The differences found among the tree experts has been attributed not only to a different level of knowledge, but also to different criteria of classification. The research literature has been mainly focused on the study of single hierarchies, but in the real word there are many cases in which we have alternative organizations, the so called cross-classifications. In their work, Ross and Murphy (1999) asked their participants to generate some category names for each of 45 foods. Subjects were allowed 30 seconds for each food term and were asked to write down as many categories as they could think of. While 50% of the responses referred to the expected taxonomic categories, 42% of the generated categories referred to the situation in which the food was eaten, such as breakfast foods or snacks, or to the healthiness of the foods, such as healthy or junk foods.

The authors called them script categories, because they usually indicate a time or situation in which the food is eaten.

These results suggest that people may have alternative organizations or cross-classifications. They demonstrate the existence of categories based on interactions with the objects rather than on their taxonomy. Such an organization may be especially helpful in generating plans and in decision making.

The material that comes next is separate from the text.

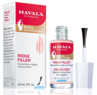 Mavala Switzerland Ridge Filler evens out and smooths nail surface, for nails that have pronounced ridges or other surface irregularities. Brush on before manicure or use on its own for a natural sheen.

Murphy (2001) studied a similar issue: the distinction between taxonomic and thematic classification. Thematic classifications are defined as those relationships in which things are grouped together because they occur within the same setting or event, or because one of them fulfills a function of the other one. Murphy arranged a set of nine stimuli that could be grouped both using a taxonomic and a thematic criterion, and found that his subjects (undergraduate students) used the thematic criterion more often than the taxonomic.

Goal-derived Categories

It is usually assumed that taxonomies are stable in people’s minds. In contrast, the concept of goal-derived categories offers a perspective in which the individual actively constructs cognitive representations to achieve salient goals (Barsalou, 1983; Ratneshwar et al., 2001). The results of the work of Ratneshwar et al. (2001), for example, suggest that personal and situational goals can exert a systematic impact on category representations. People with different goals would classify the same domain in different ways.

When the Best Solution is not Enough

The experimental evidence reported here justifies the first two assumptions that have been made: people naturally organize their knowledge into taxonomies, and non-experts tend to classify information domains in ways that are systematically different from experts’ taxonomies. We therefore need to involve the final users to discover the structure that better fits with their mental representation and their goals.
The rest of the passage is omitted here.